- Intel -staff register through login errors and postpone sensitive business information
- A single manipulated portal exposed over 270,000 Intel -Employee Information
- Hardcoded credentials of internal portals raised serious security concerns
Sensitive information about any Intel employee was reportedly available to anyone who was able to exploit weaknesses in the company’s internal places, an expert has claimed.
Security researcher Eaton Z, who described the deficiencies in a long -term blog post, found a business card portal used by Intel staff, contained a login system that could be easily manipulated.
By changing how the application confirmed users, Eaton managed to access data without needing valid credentials.
A data file on a huge scale
What began as a little discovery expanded rapidly as the system exposed far more information than its function required. Once deeper access was obtained, the results became difficult to reject.
Eaton described downloading a file approaching a gigabyte in size containing the personal details of Intel’s 270,000 employees.

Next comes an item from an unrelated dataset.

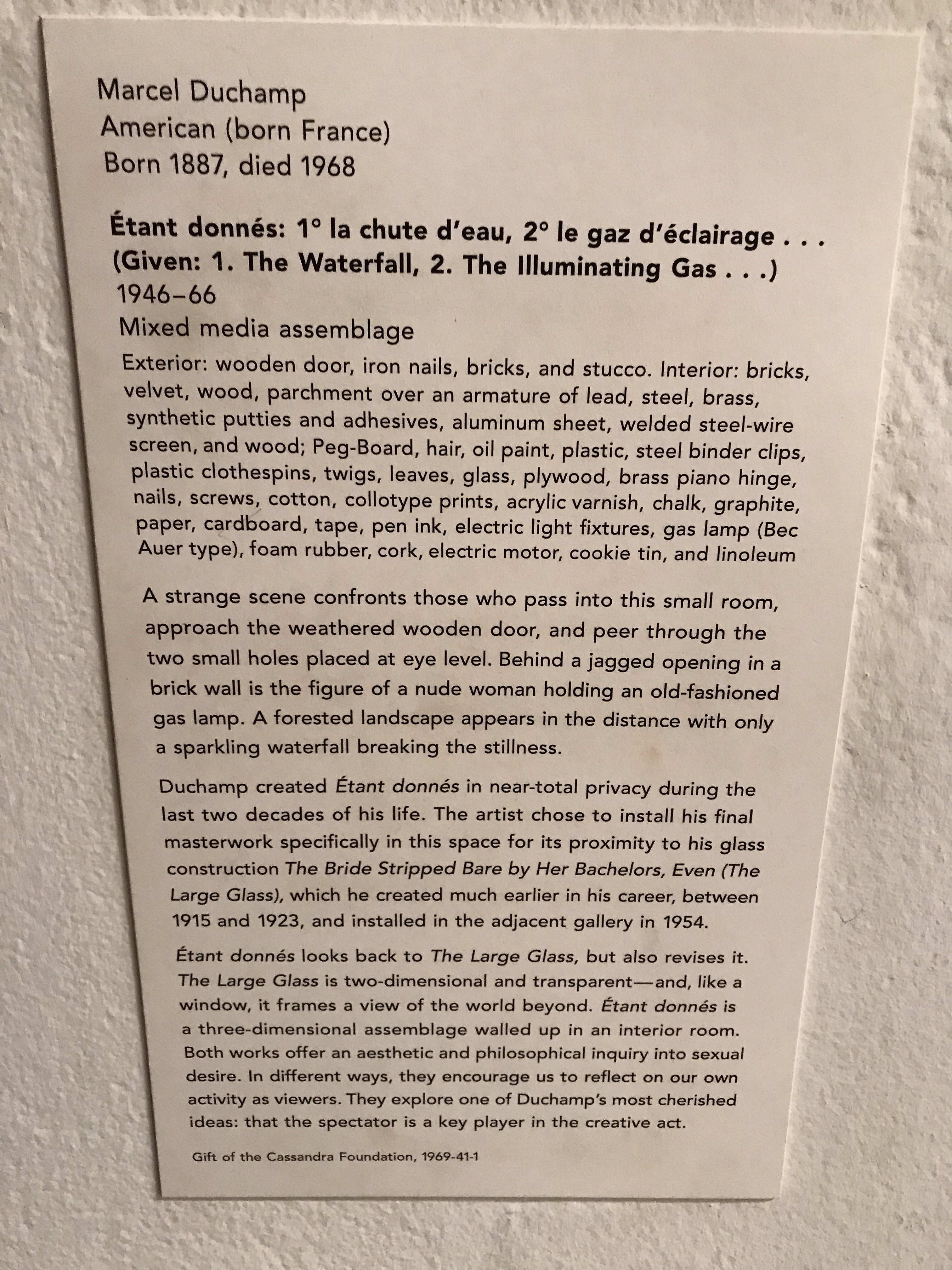 I was disturbed, as intended, by this Marcel Duchamp work. A closed door with a hole in it. Peering inside, you see the exposed, naked body of a woman.

These items included names, roles, managers, addresses and phone numbers. The extent of the leak suggests risks beyond simple embarrassment.
The release of such data in the wrong hands could feed identity theft, phishing schemes or social technical attacks.
The situation was not limited to a single vulnerable system when Eaton reported that two other Intel sites could be obtained with similar techniques.
Internal places like “Product Hierarchy” and “Product Onboarding” portals contained hard -coded credentials that were easily decrypted.
Another company’s login page for Intel’s supplier website could also be bypassed.
Together, these weaknesses formed several overlapping doors to the company’s internal environment, a troubled image for a company that often emphasizes the importance of digital trust.
Intel was contacted about the questions that started in October 2024, and the company eventually got the shortcomings at the end of February 2025.
However, Eaton did not receive Bug -Bounty Compensation as Intel’s program excluded these cases through specific matters.
The only communication from the company was described as an automated answer and raised questions about how serious the disclosures were handled.
Modern cyber security is complex; Organizations can implement firewall protection and security suites, yet simple overviews in application design can still postpone critical systems.
Even after patches have been used, the incident shows that vulnerabilities are not always exotic deficiencies buried in hardware.